From the listing below, reproduce word for word the part that opens with the line containing "Sterling Silver Raphael" and closes with the line containing "Lowongan Kerja Leasing Karawang Terbaru"; reproduce nothing else.

Exercise inputs
((

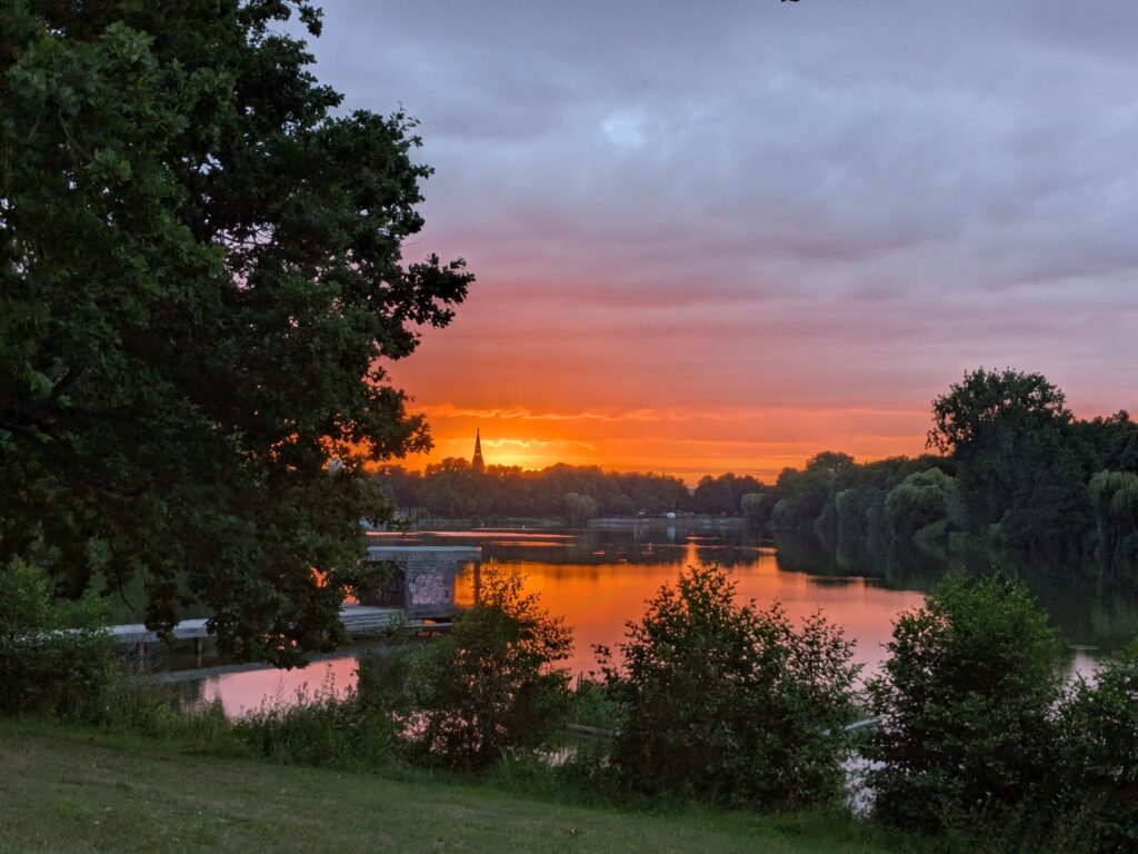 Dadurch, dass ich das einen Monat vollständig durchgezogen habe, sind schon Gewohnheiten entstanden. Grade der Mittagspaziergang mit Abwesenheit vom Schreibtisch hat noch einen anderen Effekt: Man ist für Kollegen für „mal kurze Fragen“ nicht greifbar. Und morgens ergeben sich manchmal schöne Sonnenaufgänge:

))
((

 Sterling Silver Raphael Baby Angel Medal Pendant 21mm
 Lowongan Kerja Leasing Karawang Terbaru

))
((

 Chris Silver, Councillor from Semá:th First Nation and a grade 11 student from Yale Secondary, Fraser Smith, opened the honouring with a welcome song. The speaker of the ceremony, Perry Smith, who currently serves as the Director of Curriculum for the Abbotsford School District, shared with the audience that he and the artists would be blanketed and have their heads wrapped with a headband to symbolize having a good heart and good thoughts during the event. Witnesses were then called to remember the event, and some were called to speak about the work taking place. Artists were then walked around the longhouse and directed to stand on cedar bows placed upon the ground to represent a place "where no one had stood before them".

))

Task output
 Sterling Silver Raphael Baby Angel Medal Pendant 21mm
 Lowongan Kerja Leasing Karawang Terbaru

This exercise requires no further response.